Enter stage left

Friday of this week, I’ll be at a script-writing workshop. I keep dabbling in scripts of some sort, for graphic novels and radio plays mainly (as for Script Frenzy 2011) but a lack of confidence (surely not!) prevents me from diving into a stage play. Living in West Yorkshire as I do, I’m within the sphere of influence of the West Yorkshire Playhouse, and every so often I contemplate their script submission process then decide against it. There are rules, for writing plays, and I find that daunting. There are also other people involved – actors, directors – so that once a play has been released into the world, it takes on a life of its own, much more than any piece of fiction does.

Radio plays have their conventions too, and actors and directors who will interpret them, but having studied the Goon Show scripts at an early age and written radio plays (with Big Brother, friend T, or alone) many times since, they don’t scare me. Stage plays have a visual element, a constraint imposed by what it may be possible to suggest with low-budget scenery. I saw Educating Rita at Bradford Alhambra last week, and as Rita says in response to a question about the difficulties of staging Peer Gynt, if radio had been available to Ibsen, he’d have used that instead.

I did study a couple of plays in the run up to GCSE English Literature, and I probably see one at the theatre every few months, but I feel seriously out of my depth writing them.
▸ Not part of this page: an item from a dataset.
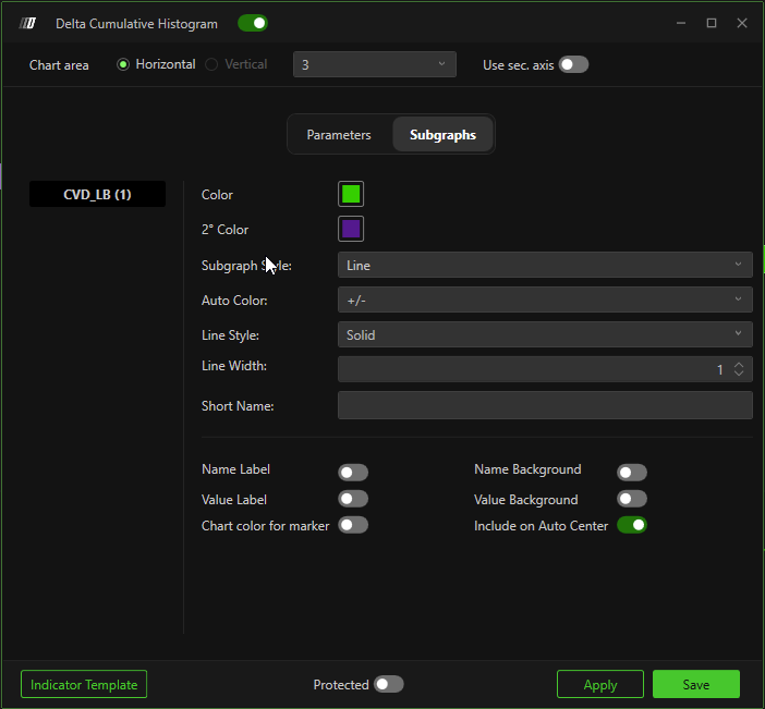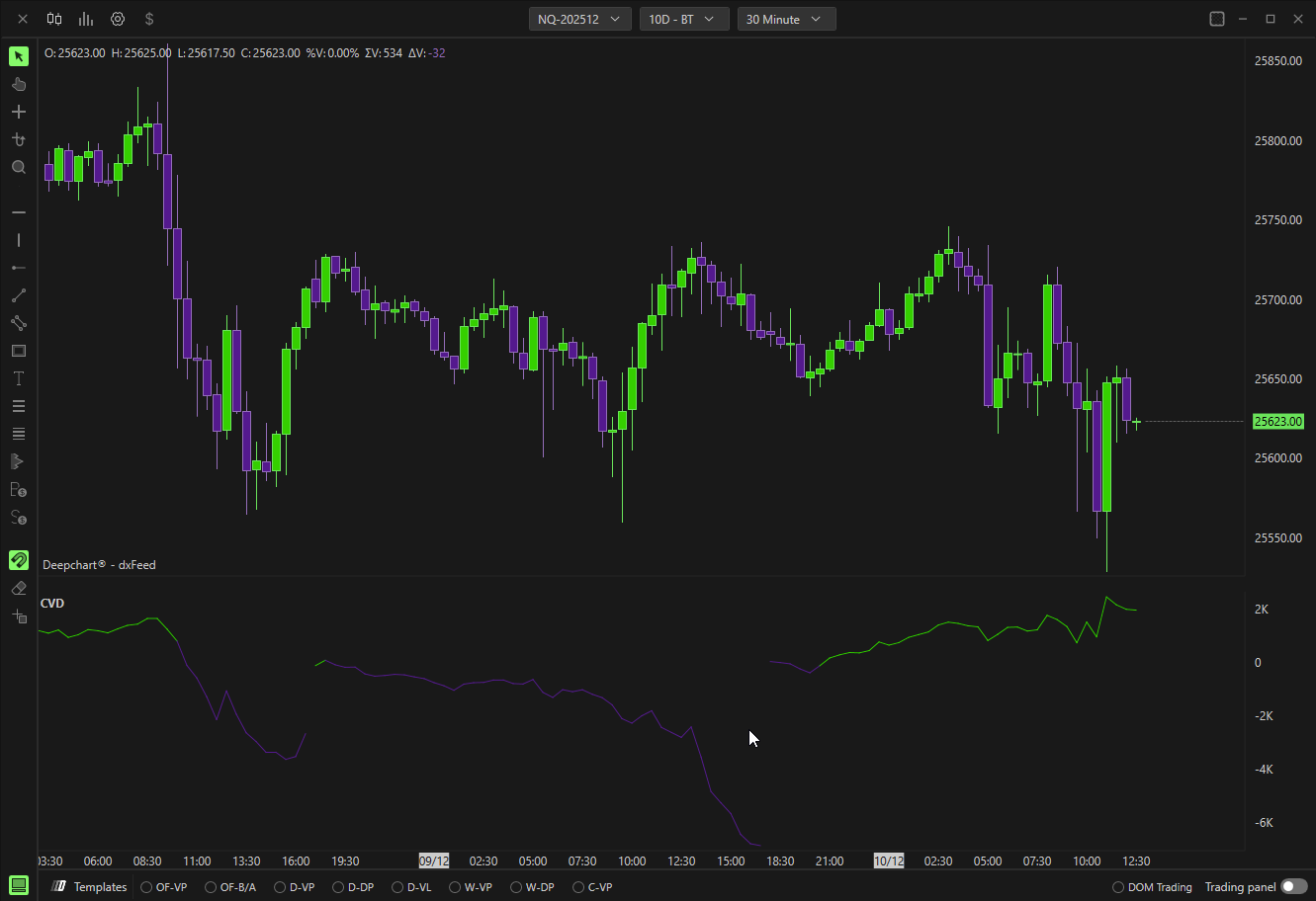 DeepChart Delta Cumulative Histogram indicator allows the user to visualize through bars or a line at the foot of the chart, the cumulative delta summation of each candle's delta, i.e., the difference between sell market and buy market, allowing the user to identify which side of the market is more aggressive.

Which makes Friday, a day of exploring characters and dialogue in short plays (it says here), a healthy challenge. I don’t want to spread myself too thinly over short stories, novels, graphic novels, radio plays and stage plays, but I do think sometimes that particular stories demand particular ways of expressing them. If I have a story inside me that needs to come out as a stage play, how will I do it justice if I shy away from the form? So, armed with my silver notebook and a headful of concentration, I’ll see if I can expand my toolkit.